*** Begin section ***
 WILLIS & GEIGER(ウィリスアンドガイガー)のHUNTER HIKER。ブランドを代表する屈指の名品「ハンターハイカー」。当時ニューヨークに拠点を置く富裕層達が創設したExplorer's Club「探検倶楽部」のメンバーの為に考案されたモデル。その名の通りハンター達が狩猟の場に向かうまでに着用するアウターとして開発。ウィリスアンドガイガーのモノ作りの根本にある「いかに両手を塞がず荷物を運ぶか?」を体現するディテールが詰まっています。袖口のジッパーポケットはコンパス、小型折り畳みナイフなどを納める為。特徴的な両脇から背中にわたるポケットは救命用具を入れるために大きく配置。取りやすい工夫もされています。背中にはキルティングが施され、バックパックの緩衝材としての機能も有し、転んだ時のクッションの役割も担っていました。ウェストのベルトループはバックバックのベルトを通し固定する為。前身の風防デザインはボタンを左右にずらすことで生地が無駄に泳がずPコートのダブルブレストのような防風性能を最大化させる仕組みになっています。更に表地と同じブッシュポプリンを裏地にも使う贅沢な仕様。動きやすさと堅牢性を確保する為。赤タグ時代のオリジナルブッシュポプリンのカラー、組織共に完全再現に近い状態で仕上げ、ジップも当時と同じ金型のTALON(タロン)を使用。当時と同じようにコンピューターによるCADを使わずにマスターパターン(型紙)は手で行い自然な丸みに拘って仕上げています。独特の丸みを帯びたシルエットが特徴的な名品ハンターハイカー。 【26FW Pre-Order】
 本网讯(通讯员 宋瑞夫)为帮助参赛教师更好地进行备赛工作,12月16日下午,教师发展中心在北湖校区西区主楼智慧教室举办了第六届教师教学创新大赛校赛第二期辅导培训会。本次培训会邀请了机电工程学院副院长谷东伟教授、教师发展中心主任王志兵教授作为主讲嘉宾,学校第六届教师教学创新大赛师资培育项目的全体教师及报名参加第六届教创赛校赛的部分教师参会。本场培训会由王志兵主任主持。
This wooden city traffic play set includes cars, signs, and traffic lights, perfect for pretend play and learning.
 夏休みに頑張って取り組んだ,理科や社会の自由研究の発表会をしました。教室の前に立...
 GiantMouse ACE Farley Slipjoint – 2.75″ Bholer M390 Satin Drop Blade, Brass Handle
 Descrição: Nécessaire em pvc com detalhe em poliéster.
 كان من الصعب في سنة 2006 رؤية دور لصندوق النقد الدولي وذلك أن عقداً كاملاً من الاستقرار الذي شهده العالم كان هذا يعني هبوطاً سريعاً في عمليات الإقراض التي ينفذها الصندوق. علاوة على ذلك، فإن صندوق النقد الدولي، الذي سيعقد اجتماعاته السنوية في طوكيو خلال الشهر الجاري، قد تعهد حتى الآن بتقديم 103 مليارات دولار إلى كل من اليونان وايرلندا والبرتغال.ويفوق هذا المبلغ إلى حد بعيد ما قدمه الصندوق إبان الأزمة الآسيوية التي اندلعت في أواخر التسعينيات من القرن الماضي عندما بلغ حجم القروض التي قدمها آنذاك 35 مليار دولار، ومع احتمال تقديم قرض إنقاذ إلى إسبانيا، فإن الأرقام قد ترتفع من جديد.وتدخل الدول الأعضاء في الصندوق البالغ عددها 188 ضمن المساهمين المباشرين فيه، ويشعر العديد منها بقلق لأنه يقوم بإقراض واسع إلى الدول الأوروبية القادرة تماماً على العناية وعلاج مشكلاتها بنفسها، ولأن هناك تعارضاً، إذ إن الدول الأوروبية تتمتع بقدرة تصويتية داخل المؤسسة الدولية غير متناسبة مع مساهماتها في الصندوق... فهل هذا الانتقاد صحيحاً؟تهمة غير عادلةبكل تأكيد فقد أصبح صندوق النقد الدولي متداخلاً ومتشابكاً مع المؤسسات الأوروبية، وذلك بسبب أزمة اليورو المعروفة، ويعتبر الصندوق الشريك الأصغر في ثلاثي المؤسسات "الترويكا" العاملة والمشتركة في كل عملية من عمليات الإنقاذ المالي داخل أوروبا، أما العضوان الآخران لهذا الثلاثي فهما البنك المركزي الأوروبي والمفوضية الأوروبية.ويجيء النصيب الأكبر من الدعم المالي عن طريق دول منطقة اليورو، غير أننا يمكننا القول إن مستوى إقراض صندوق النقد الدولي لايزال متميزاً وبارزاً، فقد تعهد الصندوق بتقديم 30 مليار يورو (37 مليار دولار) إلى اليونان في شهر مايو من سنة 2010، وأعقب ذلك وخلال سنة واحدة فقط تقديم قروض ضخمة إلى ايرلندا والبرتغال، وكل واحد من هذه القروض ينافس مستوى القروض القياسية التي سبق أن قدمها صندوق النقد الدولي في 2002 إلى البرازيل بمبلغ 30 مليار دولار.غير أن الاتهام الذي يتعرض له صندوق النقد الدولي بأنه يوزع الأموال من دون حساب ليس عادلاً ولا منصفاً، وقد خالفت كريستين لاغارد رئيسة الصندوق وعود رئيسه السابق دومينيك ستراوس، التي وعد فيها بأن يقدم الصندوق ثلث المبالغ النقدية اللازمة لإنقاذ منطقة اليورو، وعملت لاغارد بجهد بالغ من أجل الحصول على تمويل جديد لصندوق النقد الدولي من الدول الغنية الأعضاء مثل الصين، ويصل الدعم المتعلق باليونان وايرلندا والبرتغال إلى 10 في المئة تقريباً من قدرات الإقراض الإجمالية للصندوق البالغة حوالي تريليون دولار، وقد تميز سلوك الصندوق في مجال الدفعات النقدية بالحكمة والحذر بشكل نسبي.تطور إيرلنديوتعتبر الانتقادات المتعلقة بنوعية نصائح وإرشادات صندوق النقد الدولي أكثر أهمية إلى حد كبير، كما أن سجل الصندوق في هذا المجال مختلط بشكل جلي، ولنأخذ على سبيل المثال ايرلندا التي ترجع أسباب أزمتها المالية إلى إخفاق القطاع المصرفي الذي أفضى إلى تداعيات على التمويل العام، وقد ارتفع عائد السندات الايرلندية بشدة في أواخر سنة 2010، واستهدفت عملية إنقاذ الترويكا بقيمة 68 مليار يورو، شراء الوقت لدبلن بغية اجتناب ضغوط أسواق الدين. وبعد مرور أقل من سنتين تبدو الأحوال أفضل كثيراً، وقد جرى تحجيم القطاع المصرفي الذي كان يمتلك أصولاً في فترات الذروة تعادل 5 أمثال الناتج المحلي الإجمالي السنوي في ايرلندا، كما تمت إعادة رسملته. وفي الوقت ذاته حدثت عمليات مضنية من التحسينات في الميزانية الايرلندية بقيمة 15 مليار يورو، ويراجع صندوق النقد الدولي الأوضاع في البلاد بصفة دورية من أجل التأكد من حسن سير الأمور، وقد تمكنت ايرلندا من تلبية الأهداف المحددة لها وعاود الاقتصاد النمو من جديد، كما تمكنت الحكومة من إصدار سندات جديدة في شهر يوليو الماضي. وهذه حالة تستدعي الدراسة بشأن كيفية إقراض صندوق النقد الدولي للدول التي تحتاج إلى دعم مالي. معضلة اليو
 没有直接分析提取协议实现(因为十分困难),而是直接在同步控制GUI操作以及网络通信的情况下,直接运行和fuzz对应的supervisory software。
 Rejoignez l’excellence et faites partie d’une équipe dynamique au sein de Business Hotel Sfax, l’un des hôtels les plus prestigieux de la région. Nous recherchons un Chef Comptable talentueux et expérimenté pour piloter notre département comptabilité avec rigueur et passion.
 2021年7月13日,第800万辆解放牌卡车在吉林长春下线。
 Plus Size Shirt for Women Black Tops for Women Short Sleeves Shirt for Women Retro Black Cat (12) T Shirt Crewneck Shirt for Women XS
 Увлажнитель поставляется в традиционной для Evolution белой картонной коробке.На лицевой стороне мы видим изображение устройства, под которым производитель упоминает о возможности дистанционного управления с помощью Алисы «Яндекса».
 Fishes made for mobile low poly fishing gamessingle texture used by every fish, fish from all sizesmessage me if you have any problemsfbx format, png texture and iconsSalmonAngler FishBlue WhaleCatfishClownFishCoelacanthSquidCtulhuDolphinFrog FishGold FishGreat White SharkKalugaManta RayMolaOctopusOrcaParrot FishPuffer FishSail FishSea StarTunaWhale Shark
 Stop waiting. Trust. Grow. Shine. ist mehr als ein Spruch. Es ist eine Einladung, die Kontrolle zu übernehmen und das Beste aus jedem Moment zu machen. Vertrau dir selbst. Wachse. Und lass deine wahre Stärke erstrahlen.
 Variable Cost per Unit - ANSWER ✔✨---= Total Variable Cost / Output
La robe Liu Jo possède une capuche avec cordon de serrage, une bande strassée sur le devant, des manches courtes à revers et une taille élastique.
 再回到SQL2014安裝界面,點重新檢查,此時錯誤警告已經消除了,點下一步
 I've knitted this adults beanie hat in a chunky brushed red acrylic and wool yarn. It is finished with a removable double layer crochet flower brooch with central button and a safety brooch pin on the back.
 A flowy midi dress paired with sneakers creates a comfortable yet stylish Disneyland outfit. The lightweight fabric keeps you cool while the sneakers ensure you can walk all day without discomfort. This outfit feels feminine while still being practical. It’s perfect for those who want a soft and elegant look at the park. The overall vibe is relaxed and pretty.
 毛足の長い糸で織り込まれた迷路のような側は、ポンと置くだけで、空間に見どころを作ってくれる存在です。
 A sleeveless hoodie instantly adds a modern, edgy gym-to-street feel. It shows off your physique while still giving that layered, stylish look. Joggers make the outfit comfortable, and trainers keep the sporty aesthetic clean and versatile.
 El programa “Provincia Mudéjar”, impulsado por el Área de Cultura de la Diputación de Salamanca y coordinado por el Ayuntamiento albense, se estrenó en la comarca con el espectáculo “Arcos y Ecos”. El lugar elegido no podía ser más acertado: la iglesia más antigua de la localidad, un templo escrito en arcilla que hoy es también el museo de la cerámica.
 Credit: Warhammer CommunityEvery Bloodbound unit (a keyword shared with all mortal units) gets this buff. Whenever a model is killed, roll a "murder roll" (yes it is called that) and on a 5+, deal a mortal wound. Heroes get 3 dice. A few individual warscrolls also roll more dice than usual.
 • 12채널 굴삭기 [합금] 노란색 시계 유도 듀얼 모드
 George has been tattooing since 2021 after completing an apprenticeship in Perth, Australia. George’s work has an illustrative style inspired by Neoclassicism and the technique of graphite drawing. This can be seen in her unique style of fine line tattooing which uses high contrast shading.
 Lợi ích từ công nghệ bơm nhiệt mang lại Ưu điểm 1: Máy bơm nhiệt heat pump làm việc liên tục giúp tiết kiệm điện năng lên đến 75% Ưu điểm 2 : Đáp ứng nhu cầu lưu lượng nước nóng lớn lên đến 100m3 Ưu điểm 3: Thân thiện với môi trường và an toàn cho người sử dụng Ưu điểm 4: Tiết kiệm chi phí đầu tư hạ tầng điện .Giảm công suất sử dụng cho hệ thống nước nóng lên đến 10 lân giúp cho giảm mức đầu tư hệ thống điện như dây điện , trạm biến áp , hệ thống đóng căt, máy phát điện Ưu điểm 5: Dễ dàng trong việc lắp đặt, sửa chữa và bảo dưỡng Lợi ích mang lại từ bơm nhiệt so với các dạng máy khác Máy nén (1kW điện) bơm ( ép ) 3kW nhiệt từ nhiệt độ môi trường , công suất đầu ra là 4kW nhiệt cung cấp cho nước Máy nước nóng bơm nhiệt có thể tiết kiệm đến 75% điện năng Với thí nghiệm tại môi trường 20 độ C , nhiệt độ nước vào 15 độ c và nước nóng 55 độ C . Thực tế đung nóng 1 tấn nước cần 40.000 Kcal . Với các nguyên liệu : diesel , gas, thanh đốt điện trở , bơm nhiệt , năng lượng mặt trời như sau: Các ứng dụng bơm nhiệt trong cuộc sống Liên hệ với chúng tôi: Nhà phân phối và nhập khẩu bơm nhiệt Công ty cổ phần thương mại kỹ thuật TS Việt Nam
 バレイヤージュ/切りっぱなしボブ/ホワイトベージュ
*** End section ***
[PROBLEM TO SOLVE]:
Out of the data above, give again only the lines starting at the one holding "Fishes made for" and ending at the one holding "de la cerámica.", unchanged.

[RESPONSE AREA]:
 Fishes made for mobile low poly fishing gamessingle texture used by every fish, fish from all sizesmessage me if you have any problemsfbx format, png texture and iconsSalmonAngler FishBlue WhaleCatfishClownFishCoelacanthSquidCtulhuDolphinFrog FishGold FishGreat White SharkKalugaManta RayMolaOctopusOrcaParrot FishPuffer FishSail FishSea StarTunaWhale Shark
 Stop waiting. Trust. Grow. Shine. ist mehr als ein Spruch. Es ist eine Einladung, die Kontrolle zu übernehmen und das Beste aus jedem Moment zu machen. Vertrau dir selbst. Wachse. Und lass deine wahre Stärke erstrahlen.
 Variable Cost per Unit - ANSWER ✔✨---= Total Variable Cost / Output
La robe Liu Jo possède une capuche avec cordon de serrage, une bande strassée sur le devant, des manches courtes à revers et une taille élastique.
 再回到SQL2014安裝界面,點重新檢查,此時錯誤警告已經消除了,點下一步
 I've knitted this adults beanie hat in a chunky brushed red acrylic and wool yarn. It is finished with a removable double layer crochet flower brooch with central button and a safety brooch pin on the back.
 A flowy midi dress paired with sneakers creates a comfortable yet stylish Disneyland outfit. The lightweight fabric keeps you cool while the sneakers ensure you can walk all day without discomfort. This outfit feels feminine while still being practical. It’s perfect for those who want a soft and elegant look at the park. The overall vibe is relaxed and pretty.
 毛足の長い糸で織り込まれた迷路のような側は、ポンと置くだけで、空間に見どころを作ってくれる存在です。
 A sleeveless hoodie instantly adds a modern, edgy gym-to-street feel. It shows off your physique while still giving that layered, stylish look. Joggers make the outfit comfortable, and trainers keep the sporty aesthetic clean and versatile.
 El programa “Provincia Mudéjar”, impulsado por el Área de Cultura de la Diputación de Salamanca y coordinado por el Ayuntamiento albense, se estrenó en la comarca con el espectáculo “Arcos y Ecos”. El lugar elegido no podía ser más acertado: la iglesia más antigua de la localidad, un templo escrito en arcilla que hoy es también el museo de la cerámica.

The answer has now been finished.